Chef wants to go to his home and there is a grid on the way. (The grid is a Square Matrix of size nn ).

And chef is Currently at the UpperLeftmost point (i.e. at 0,0) and his home is at the lower rightmost point (i.e. at n,n).

he is Restricted to move only either Right or Bottom.
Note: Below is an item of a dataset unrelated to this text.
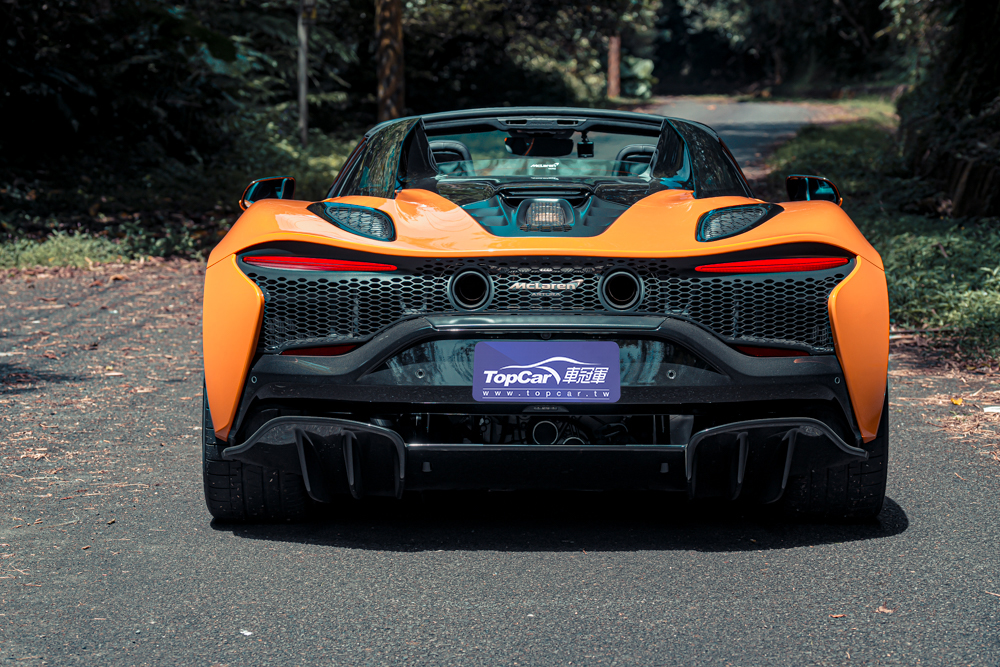 讓人回味的是聲浪, McLaren針對開篷狀態下重新調校排氣系統,聲浪更厚實、更有層次,你會覺得這部V6油電跑車甚至比V8超跑更帶勁。

Given the traveling Cost of each cell (means chef has to pay that amount to go from that cell) of the grid, the chef wants to reach his home and he has limited money,

your job is to tell the chef how much minimum money should chef take so that he will reach his home despite the choosen path

**QUICK EXPLANATION**

**Find the maximum cost out of the possible two possible path for each move(step) taken by chef**

sum(y, x) = max(sum(y, x−1),sum(y−1, x))+value[y][x] ,where x,y are indexes of grid

**EXPLANATION :**

In this we will discuss Top Down (Tabulation ) Approach…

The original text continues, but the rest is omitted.